_Your objective_:
Return only the lines of the data below from the line with "A. สามารถเลือกเปลี่ยนทีมหรือเพิ่มคน Twist" up to and including the line with "等到锅中水开,继续煮15分钟", exactly as written, with the pictures omitted.

_Available data_:
---+---

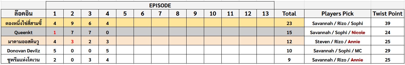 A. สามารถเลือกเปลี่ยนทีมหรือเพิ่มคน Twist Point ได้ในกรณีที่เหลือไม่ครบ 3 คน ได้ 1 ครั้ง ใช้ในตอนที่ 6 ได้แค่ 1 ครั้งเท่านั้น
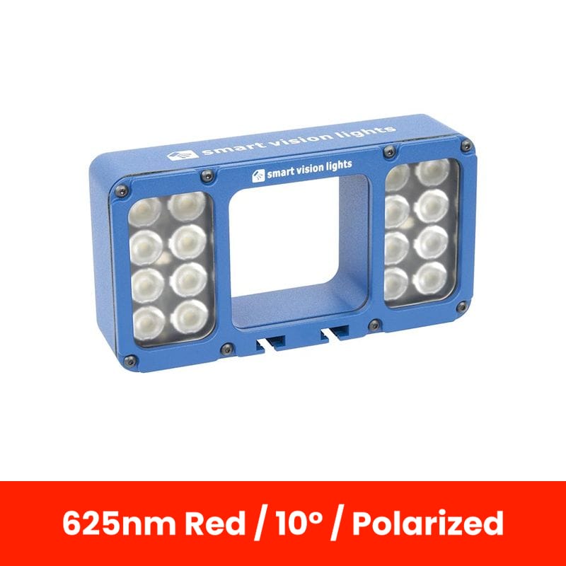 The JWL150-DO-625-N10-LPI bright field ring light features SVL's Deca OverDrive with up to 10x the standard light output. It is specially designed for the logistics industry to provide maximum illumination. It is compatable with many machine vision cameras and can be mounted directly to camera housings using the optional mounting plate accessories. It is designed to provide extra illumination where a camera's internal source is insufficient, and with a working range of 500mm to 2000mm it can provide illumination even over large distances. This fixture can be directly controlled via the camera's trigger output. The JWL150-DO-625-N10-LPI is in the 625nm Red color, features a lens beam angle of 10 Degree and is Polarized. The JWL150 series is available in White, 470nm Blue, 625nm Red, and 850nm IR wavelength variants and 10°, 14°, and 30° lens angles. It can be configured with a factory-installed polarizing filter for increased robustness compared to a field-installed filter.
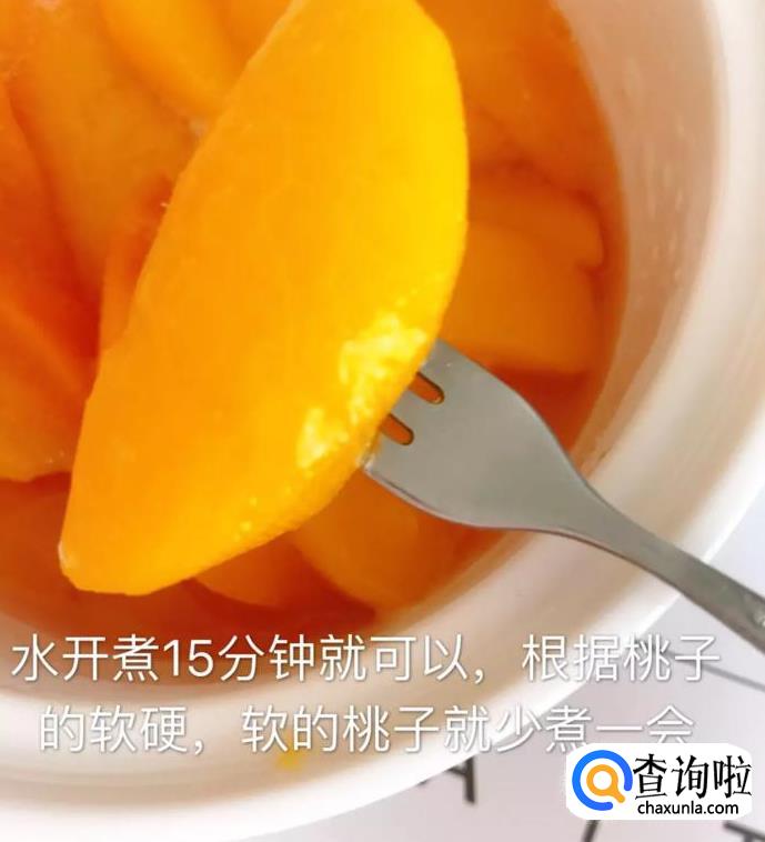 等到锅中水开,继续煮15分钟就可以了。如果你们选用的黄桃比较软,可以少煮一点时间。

---+---

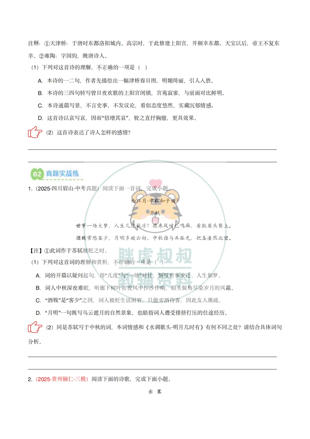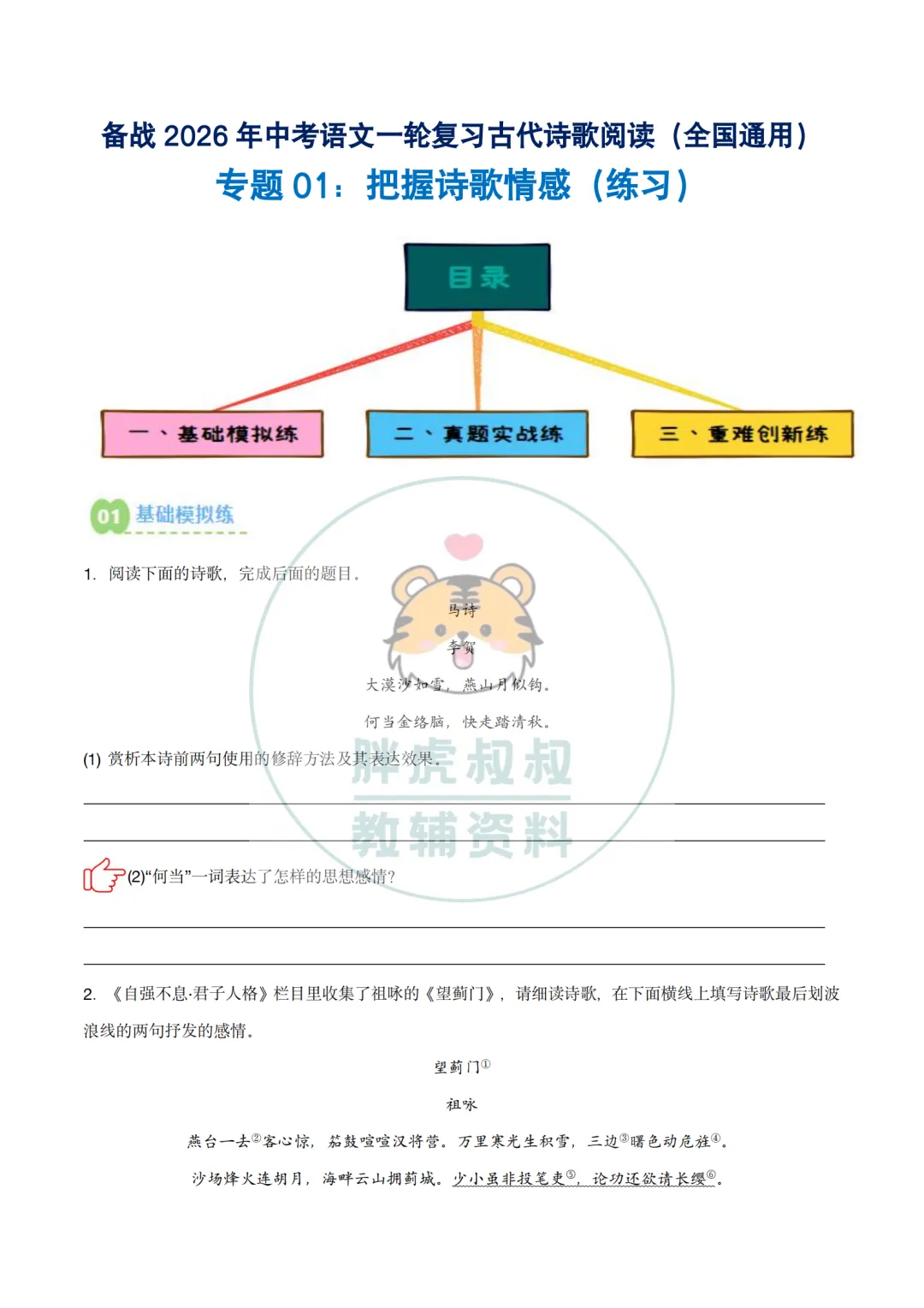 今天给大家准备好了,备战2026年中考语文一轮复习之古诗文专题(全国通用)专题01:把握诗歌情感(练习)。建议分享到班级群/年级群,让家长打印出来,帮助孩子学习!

---+---

_Response below_:
 A. สามารถเลือกเปลี่ยนทีมหรือเพิ่มคน Twist Point ได้ในกรณีที่เหลือไม่ครบ 3 คน ได้ 1 ครั้ง ใช้ในตอนที่ 6 ได้แค่ 1 ครั้งเท่านั้น
 The JWL150-DO-625-N10-LPI bright field ring light features SVL's Deca OverDrive with up to 10x the standard light output. It is specially designed for the logistics industry to provide maximum illumination. It is compatable with many machine vision cameras and can be mounted directly to camera housings using the optional mounting plate accessories. It is designed to provide extra illumination where a camera's internal source is insufficient, and with a working range of 500mm to 2000mm it can provide illumination even over large distances. This fixture can be directly controlled via the camera's trigger output. The JWL150-DO-625-N10-LPI is in the 625nm Red color, features a lens beam angle of 10 Degree and is Polarized. The JWL150 series is available in White, 470nm Blue, 625nm Red, and 850nm IR wavelength variants and 10°, 14°, and 30° lens angles. It can be configured with a factory-installed polarizing filter for increased robustness compared to a field-installed filter.
 等到锅中水开,继续煮15分钟就可以了。如果你们选用的黄桃比较软,可以少煮一点时间。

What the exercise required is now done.